Record a quiz completion for Alex: France, Germany, Italy - 4 out of 5 correct
Compare the progress of all children
MCP Primitives Demonstrated
Tools
Functions that agents can invoke to perform actions or retrieve data. All 6 tools use nickname-based identification (e.g., "mila", "alex", "sam") without separate IDs.
Example:
{
"name": "get_child_progress_by_nickname",
"parameters": {
"nickname": "mila"
}
}
Resources
Static or dynamic content that provides context to agents. Resources have URI templates and can be parameterized.
Example:
spelling-rules://age/7
capital-game://difficulty-strategy
Prompts
Pre-structured instructions that guide agents through complex workflows.

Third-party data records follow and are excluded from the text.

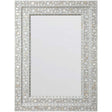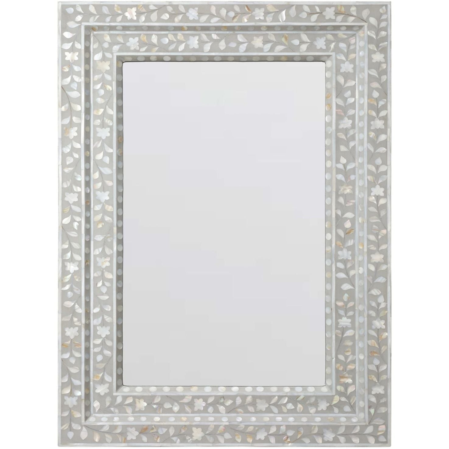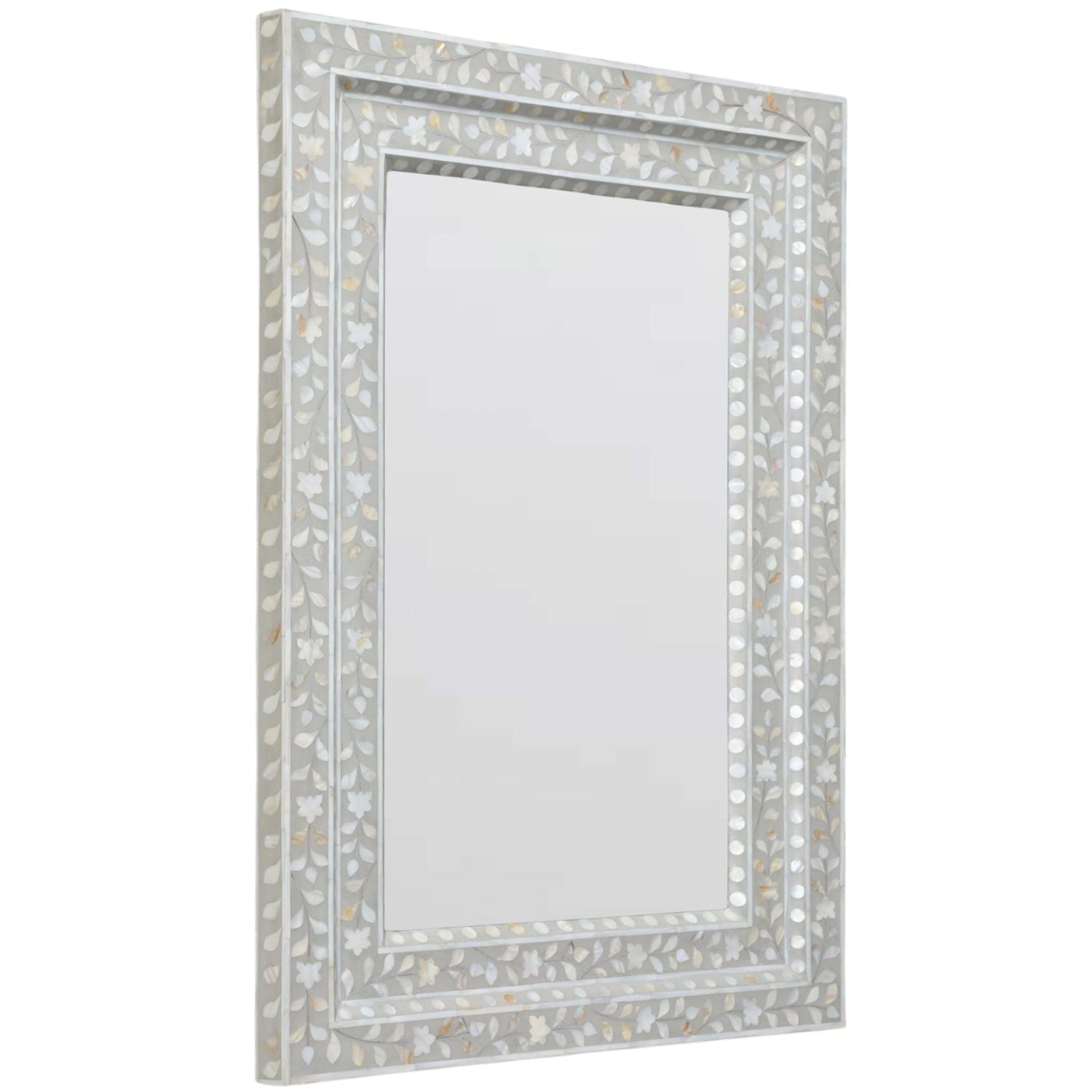 A shell-inlay floral design made from mother-of-pearl displays an iridescent sheen to this ultra-feminine piece. The small, intricate shellwork is handset, giving this mirror a statement sparkle. Mother-of-pearl naturally varies in color, ranging from white to silver to bronze, among other hues, resulting in no two pieces looking exactly alike.
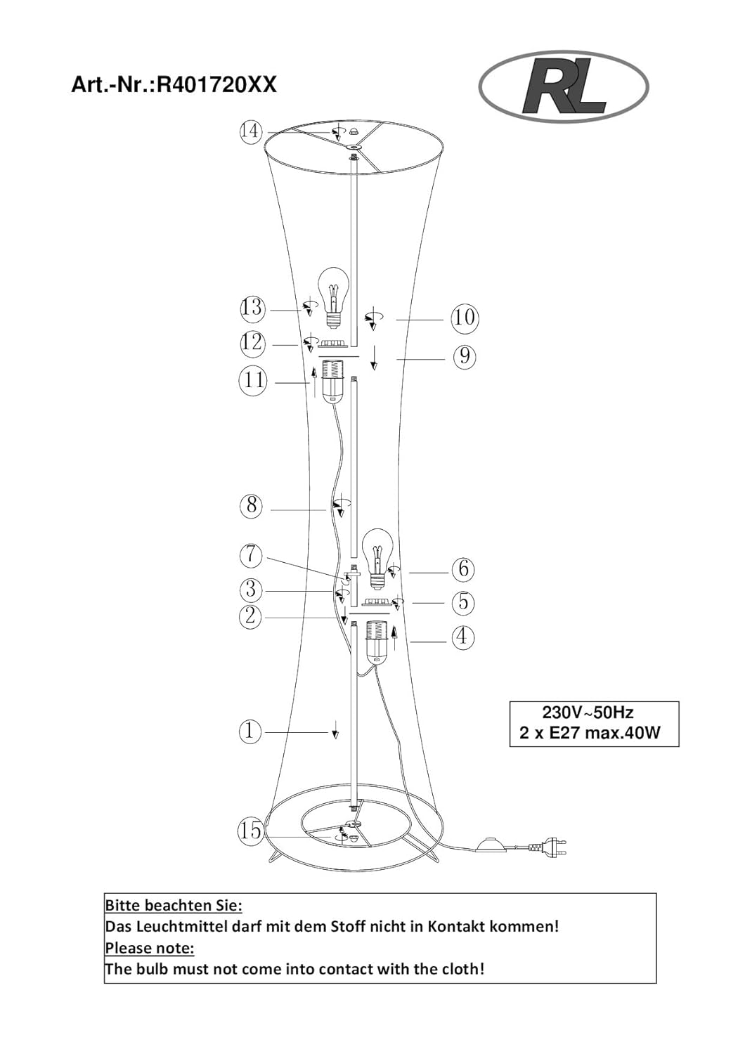 - Leuchtmittel nicht im Lieferumfang enthalten
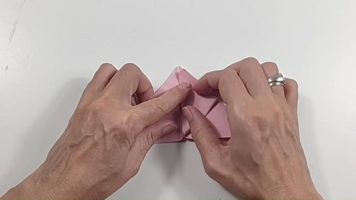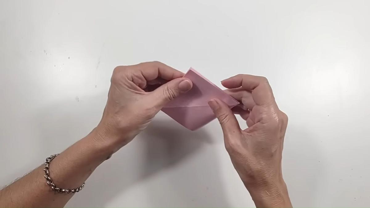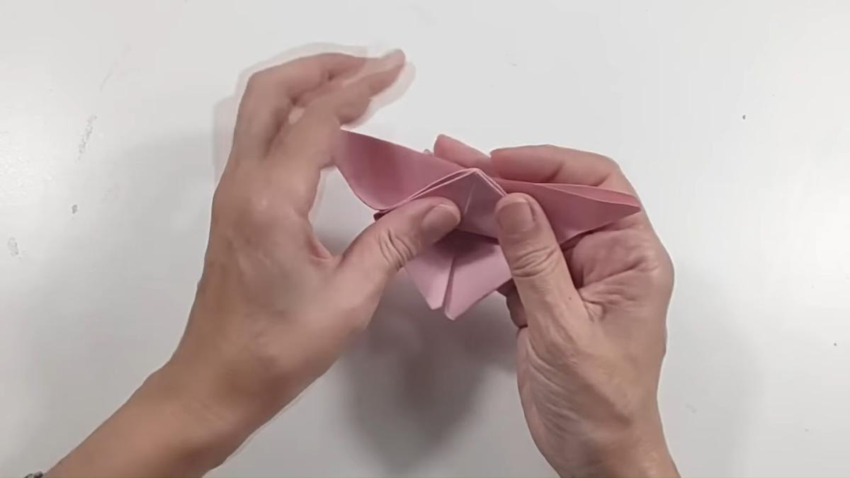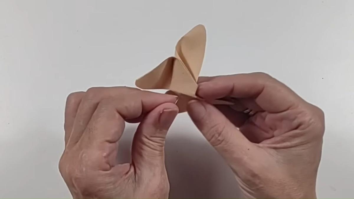 para que sea más fácil plegar de esta forma puedo hablar una vez más y hacer unas cortes redondeados en los extremos voy a abrir y al levantar estos lados hacia el vértice superior
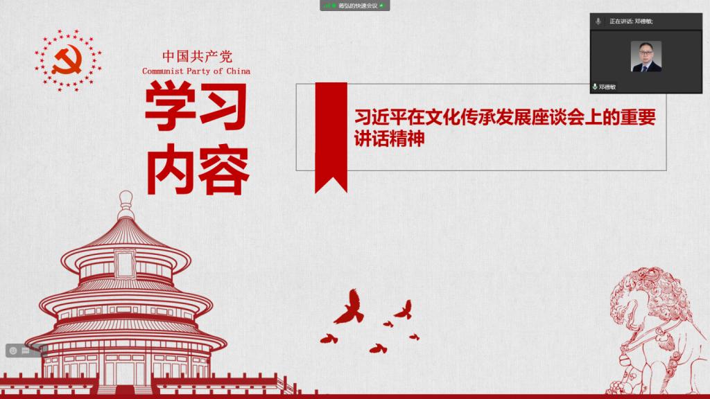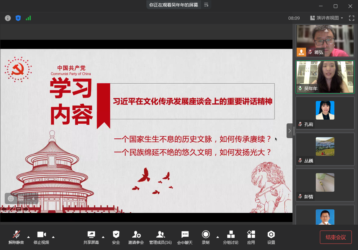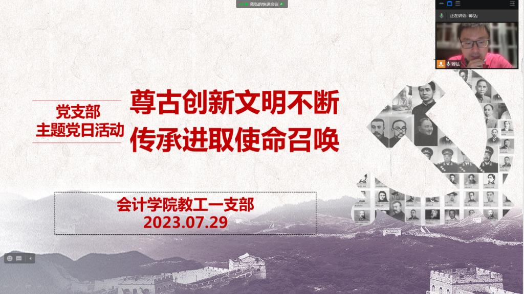 2023年7月29日,教工一支部坚持在暑假开展主题党日活动。本次活动以“尊古创新文明不断,传承进取使命召唤”为主题,由支委会宣传委员吴年年同志领学“习近平在文化传承发展座谈会上的重要讲话精神”。中华文明源远流长,中华文化博大精深,共产党员的使命之一就是要以守正不守旧、尊古不复古的进取和创新精神,传承和发展中华文化,延续世界上唯一没有中断过的中华文明。教工一支部全体党员参加了活动。
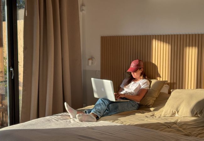 Designed for each house to accommodate up to 4 people, each house has an independent entrance, 1 bedroom with a double bed, a bathroom, and a living-dining room with an integrated kitchen. In the living room, you will have a sofa bed and blackout curtains to ensure a good rest for the 2 guests sleeping there. Each house has a private garden with a gallery, grill, fire pit, and garden with solarium. Additionally, each house has air conditioning for cold and heat and mosquito nets.
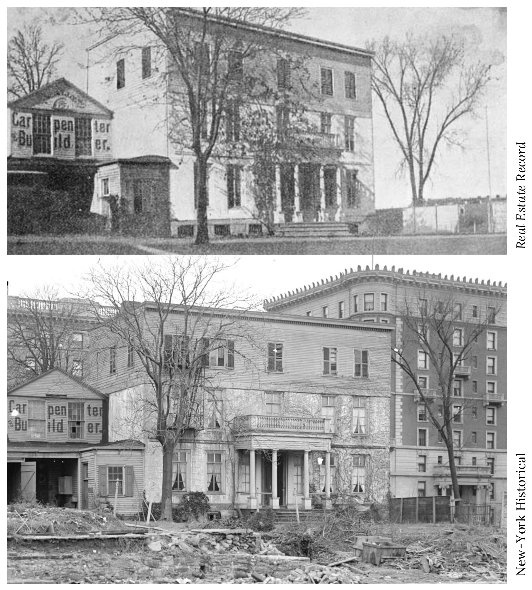 Is it the building that was formerly on the block that the Apthorp now occupies? I hadn’t seen the top photo but I’ve seen the bottom one — the Van Den Heuvel mansion.
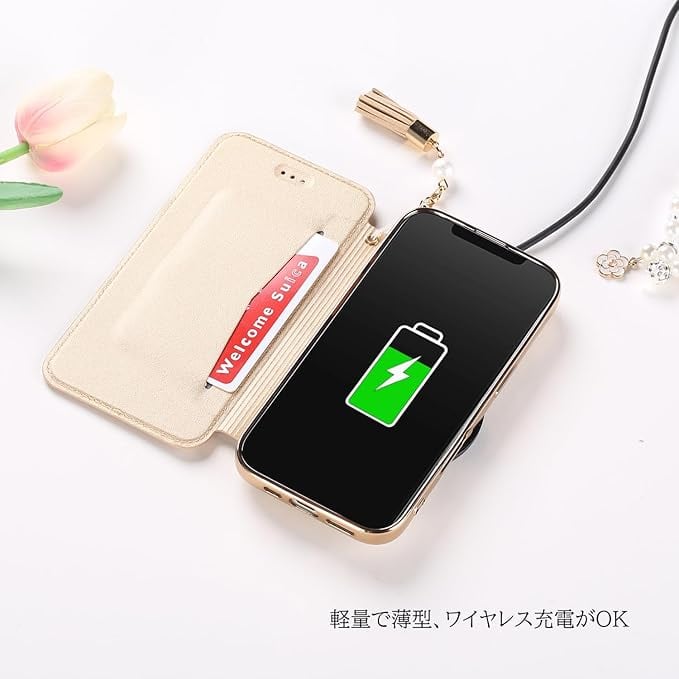 【タッセル付き式、透明バック式,エンボス工芸】タッセル付き、非常に優しくて、ハンドバッグ中でも探しやすいです。便利なデザイン、片手で簡単に開く、マグネット付きないので、カード面を直接に接しないので、磁気カード類が壊れる心配はあり。透明なバックので、iPhoneのバック本体を見て、スペシャルな高級感なデザインです。エンボス工芸で、皮革に凹凸模様の花柄をつけること、質感も手触りも色合いも満足させていただきます。
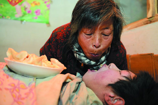 王均秀用炕頭上的大鍋蒸熱了餃子。然后,她端著上了炕。她將餃子咀嚼后,喂入招弟的口中,這頓飯花費了近一個小時。像這樣的“程序”,王均秀每天得進行兩三次。
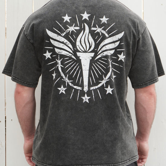The front features our Land of Liberty Hero Logo, while the back showcases the Liberty Torch — encircled by stars and barbed wire — a mark of grit, resilience, and freedom. More than apparel, this tee carries the spirit of Americana wherever you go.
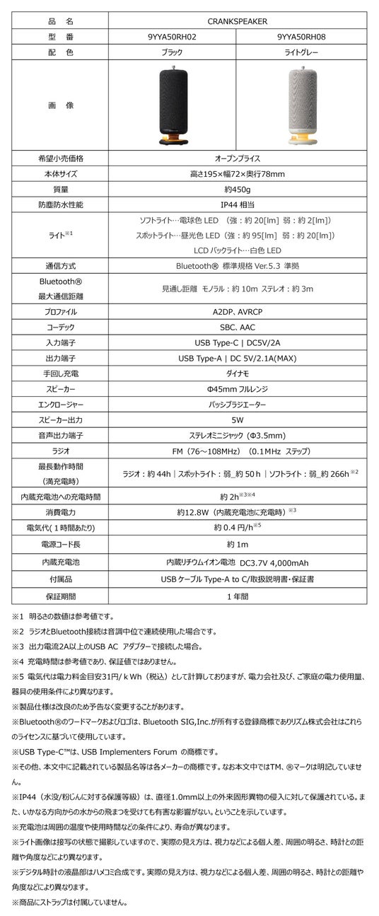 リズム株式会社(取締役社長 湯本武夫)は、もしもの時も給電できるBluetooth(R)接続の手回し充電ワイヤレススピーカー「CRANKSPEAKER」を2025年8月中旬より発売いたします。
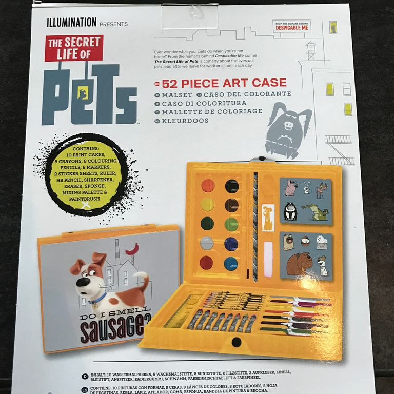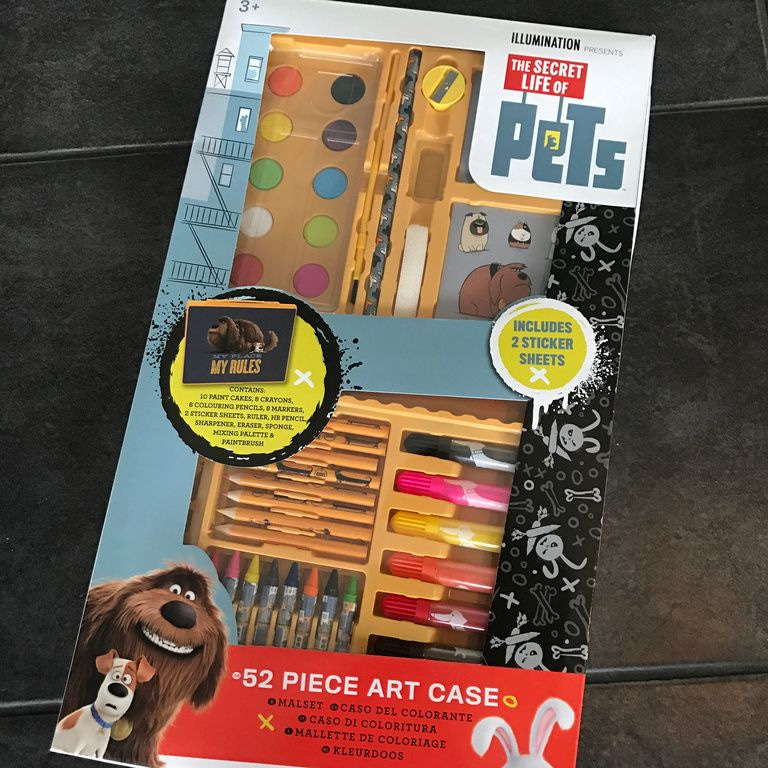 Cette boîte de couleur est composée de 52 parties, crayons, feutres, crayons, marqueurs, taille-crayons et des autocollants, etc. emballé dans un étui de rangement.
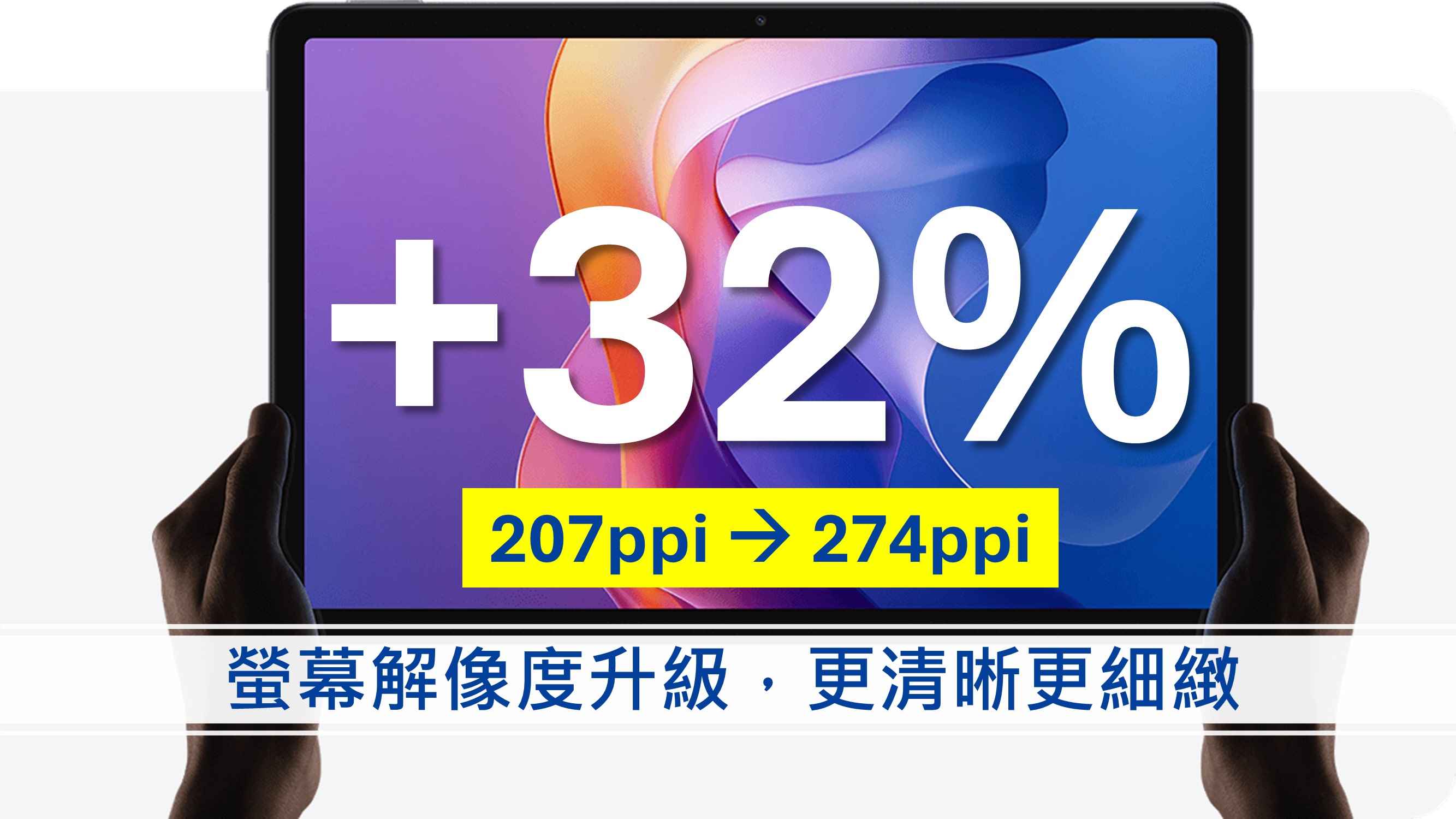 今代維持 11″ 尺寸、90Hz 刷新率,不過顯示清晰度獲顯著改良,透過增加解像度,細緻度由 207ppi 提高至 274ppi,還要比最新 iPad A16 高出少許。畫面更清晰,視覺體驗更佳,對日常使用大有裨益,同時與同門 Redmi Pad SE 8.7 成鮮明對比。
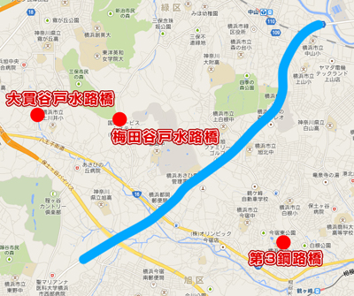 鶴ヶ峰の第3鋼路橋、大貫谷戸水路橋の記事を読みました。横浜市内にはほかにも梅田谷戸水路橋がありますが、橋の上からはどんな眺めなのでしょうか?キニナリます!!(はまんさんのキニナル)
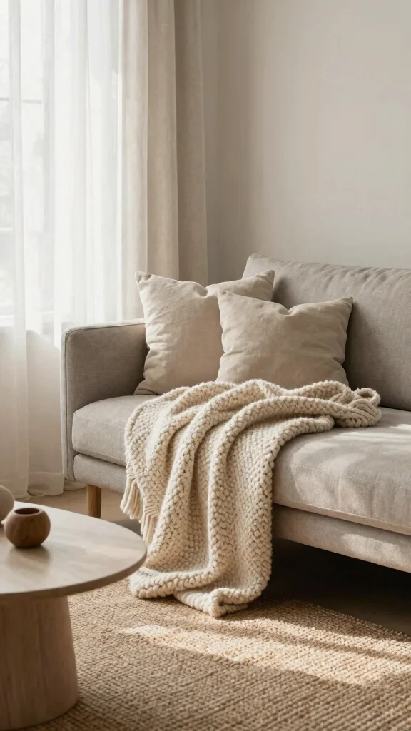 – Cozy Textured Layers: Introduce a mix of materials such as soft throws and woven rugs to add warmth without clutter.
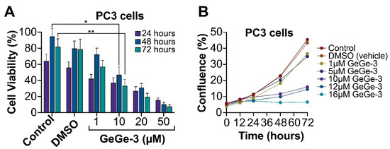 The effect of GeGe-3 on cell viability in PC3 prostate cancer cells. (A) Cells were seeded at 50,000 cells/mL and exposed to 1, 10, 20 and 50 μM GeGe-3. A trypan blue cell viability assay was performed at 24-, 48- and 72-h post-treatment. The percentage of viable cells is shown. N = 3. (B) Cell confluence was measured using the IncuCyte live cell imager over a 72-h period in PC3 cells. N = 6. Indicates significant differences (* p ≤ 0.05, ** p ≤ 0.01).
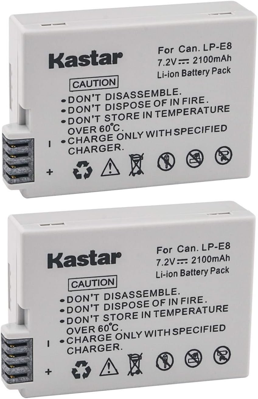 2 Pack Replacement Batteries for Canon LP-E8 LPE8 and Canon Rebel T5I T4I T3I T2
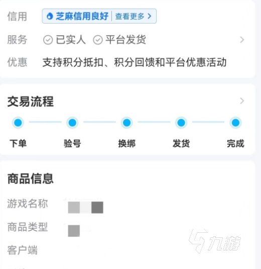 3、誠信交易。賣家通過實名認(rèn)證、芝麻信用認(rèn)證等,才能夠發(fā)布商品信息。交易貓平臺整個交易流程規(guī)范化,從買家確認(rèn)意向下單開始,支付錢款給平臺,客服驗號,買家換綁賬號安全信息,雙方交易結(jié)束。
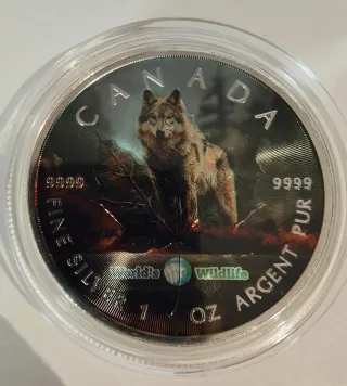 Moneda de plata pura de 1 oz con diseño de lobo. - Vida Salvaje Lobo - Plata fina 9999 - Fine Silver y Argent Pur - 1 oz - Canada. -Edicion limitada de 100 unidades, con certificado de autenticidad numerado. -Mas monedas en mi perfil
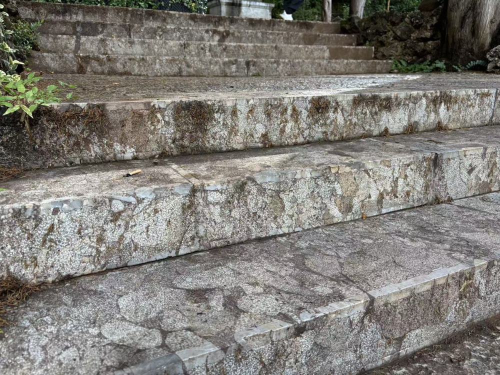 步道上散落的烟头。(丽江融媒记者 和宝其 摄)
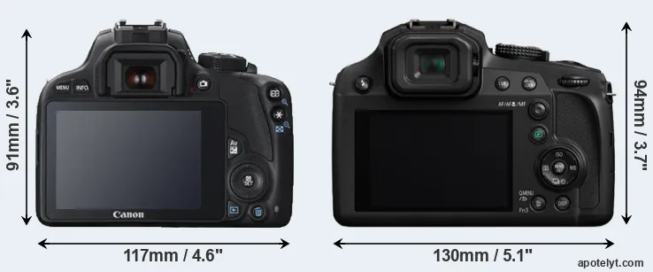 The Canon EOS Rebel SL1 (called Canon 100D in some regions) and the Panasonic Lumix DC-FZ80 (labelled Panasonic FZ82 in some countries) are two digital cameras that were officially introduced, respectively, in March 2013 and January 2017. The SL1 is a DSLR, while the FZ80 is a fixed lens compact. The cameras are based on an APS-C (SL1) and a 1/2.3-inch (FZ80) sensor. The Canon has a resolution of 17.9 megapixels, whereas the Panasonic provides 18 MP.

Prompts can accept parameters to customize behavior.
Example:
{
"name": "summarize_child_progress_by_period",
"parameters": {
"nickname": "mila",
"months": 3
}
}
Architecture Benefits
Before MCP
- Each API endpoint requires separate tool definition
- Tool management scattered across codebase
- No standardized way to provide context
- Difficult to version and maintain
After MCP
- Centralized tool, resource, and prompt management
- Standardized protocol for agent communication
- Easy discoverability through MCP introspection
- Version control and documentation in one place
Sample Data
The system comes with 3 pre-configured children:
- Alex (age 8) - Prefers easy difficulty, interested in geography and science
- Mila (age 6) - Prefers hard difficulty, interested in spelling and math
- Sam (age 10) - Prefers medium difficulty, interested in history and geography
Progress data is stored in GameBuddy.Api/Data/Progress/{nickname}_progress.json.
Technologies Used
- .NET 8.0 - Application framework
- ASP.NET Core Minimal APIs - API endpoints
- ModelContextProtocol.Server - MCP SDK
- Swashbuckle.AspNetCore - OpenAPI/Swagger
- Serilog - Structured logging
- System.Text.Json - JSON serialization
Development Notes
- The API uses HTTPS on port 5001 with CORS enabled for development
- MCP server connects to the API via HttpClient with base URL from configuration
- All tools use simple string nicknames (no GUIDs or numeric IDs) to reduce LLM confusion
- Progress tracking includes session history for trend analysis
- Adaptive difficulty resource provides complete 195-country dataset to eliminate LLM guessing
Learn More
Official Resources
- Model Context Protocol - Official MCP website with complete documentation, specifications, and guides
- MCP C# SDK - Official C# implementation of the Model Context Protocol
- MCP for Beginners (Microsoft) - Step-by-step tutorials and examples from Microsoft
Key Concepts to Explore
- MCP Specification - Understanding the protocol fundamentals
- Transport Mechanisms - Stdio vs HTTP transport patterns
- Server Implementation - Building custom MCP servers
- Client Integration - Connecting LLMs and agents to MCP servers
- Tool Design Patterns - Best practices for tool naming and descriptions
Contributing
This repository demonstrates MCP server implementation patterns. Feel free to explore, learn, and adapt for your own MCP servers.